Your goal – The answer should hold only the lines from the one that contains "Hirdetmény az élelmezési" through the last line of the material, repeated exactly, without pictures.

Supplied data –
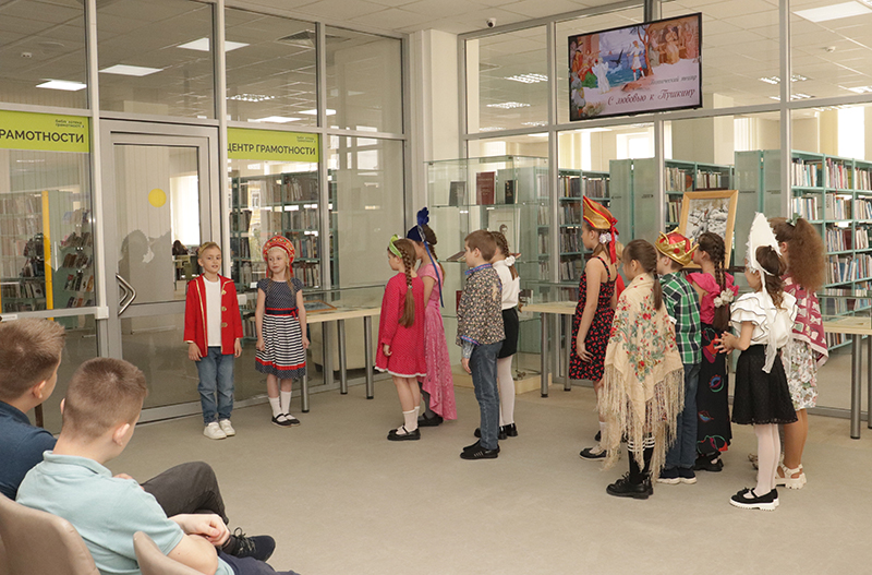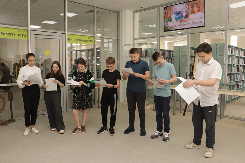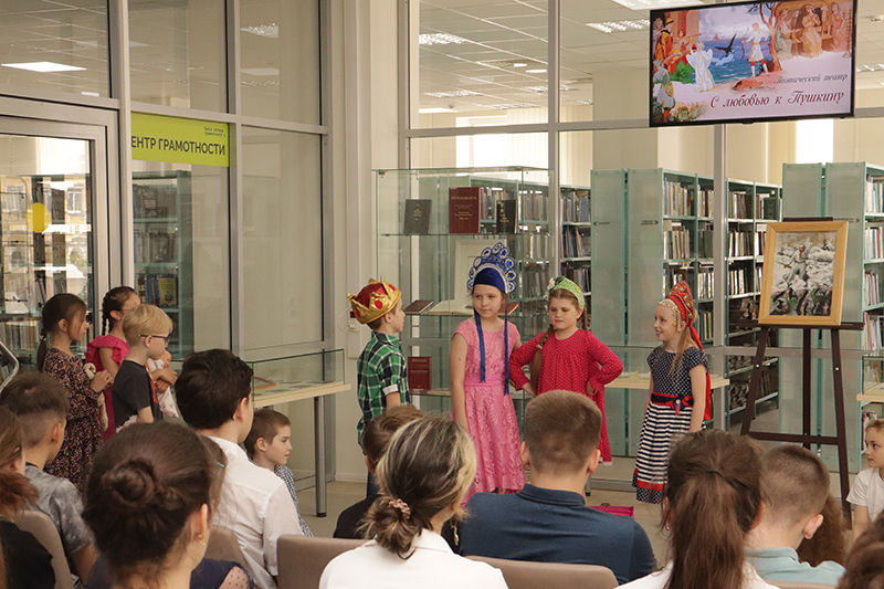 Сотрудники центра книги и чтения пригласили учащихся школы № 1 имени В.П. Екимецкой в поэтический театр. Ребята с удовольствием послушали стихотворения «Я памятник себе воздвиг нерукотворный», «Цветок», «Птичка», «Пророк» и отрывок из поэмы «Медный всадник». Театральное объединение «Преображение» Центра эстетического воспитания детей представило литературно-музыкальную композицию «Сказка о царе Салтане». Ярким завершением встречи стало чтение по ролям «Сказки о попе и о работнике его Балде» в исполнении школьников.
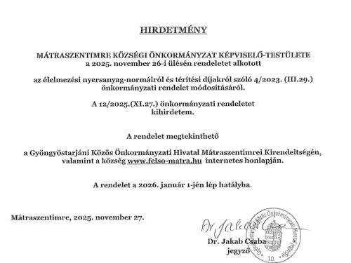 Hirdetmény az élelmezési nyersanyag-normáiról és a térítési díjakról szóló rendelet módosításáról
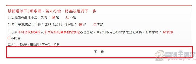 點選能預約的院所後,就會出現事項符合確認視窗,包含「您是設籍臺北市之市民嗎?」、「您是年滿85歲以上長者或65歲以上原住民嗎?」、與「 您若不符合受檢資格及未依照特約醫事機構規定辦理登記,醫院將取消已取號後之登記資格,您同意嗎?」等3點,三點都必須勾選是及同意後,才能按「下一步」按鈕。

Result of the exercise –
 Hirdetmény az élelmezési nyersanyag-normáiról és a térítési díjakról szóló rendelet módosításáról
 點選能預約的院所後,就會出現事項符合確認視窗,包含「您是設籍臺北市之市民嗎?」、「您是年滿85歲以上長者或65歲以上原住民嗎?」、與「 您若不符合受檢資格及未依照特約醫事機構規定辦理登記,醫院將取消已取號後之登記資格,您同意嗎?」等3點,三點都必須勾選是及同意後,才能按「下一步」按鈕。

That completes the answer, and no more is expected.